The best original play category unfairly includes two revivals. These are The Labor of Living and Difficult People by Hanoch Levine and Yosef Bar-Yosef respectively. Sara von Schwartze’s Between Two Worlds, A.B. Yehoshua’s masterly Will the Two Walk Together and Dafna Engel’s deft World Cup Wishes complete the list. Unsurprisingly, the latter three are also on the best playwright list.

The excellent and multi-talented Itay Tiran is up for best actor in the title role of Richard III, and if he gets it, many will also say he deserves it for Richard II, as does Arthur Kogan, nominated best director only for Richard III. Rami Baruch is nominated best actor for two productions, playing David Ben-Gurion in 2 Together and Arnolphe in School for Wives, the latter of which is also up for best comedy.
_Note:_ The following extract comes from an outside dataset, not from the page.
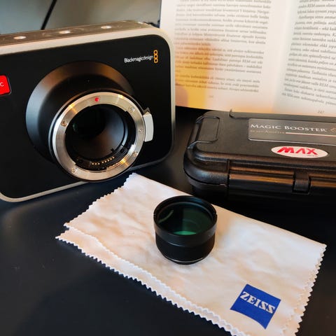 Muuntaa 2.3 crop factorin lähemmäs 1.6 ja lisää valoa. Kaksi kertaa ollut asennettuna kamerassa prokkiksia varten. Youtubesta löytyy joitain videoita, joissa näkyy miten vaikuttaa kuvan laatuun. Joillain linsseillä en saanut infinity focusta kohdilleen, mutta muutamien kymmenien metrien päähän tarkentaa. Ehjät linssipinnat ja alkuperäinen hard case. Toimii speedbooster tavoin, mutta asennetaan runkoon.

Shiri Golan gets a deserved nod as best actress for her icy Clytemnestra in Beersheba’s Iphigenia. Other nominees for the category include Liora Rivlin for Leviva in Labor of Living and Rama Messinger as the deluded Florence Foster Jenkins in Beersheba’s Souvenir, also up for best comedy.

For the second year in a row, the Habima National Theater has opted out of ITP, and this year is joined by the Gesher Theater.



Gesher says that because of its stated dissatisfaction with ITP regulations, and therefore its perception that Gesher productions are not accorded their due, the theater will not participate this year.

“More than once, we have submitted ideas for change to and improvement of [the regulations], but they were disregarded,” said Gesher in a statement.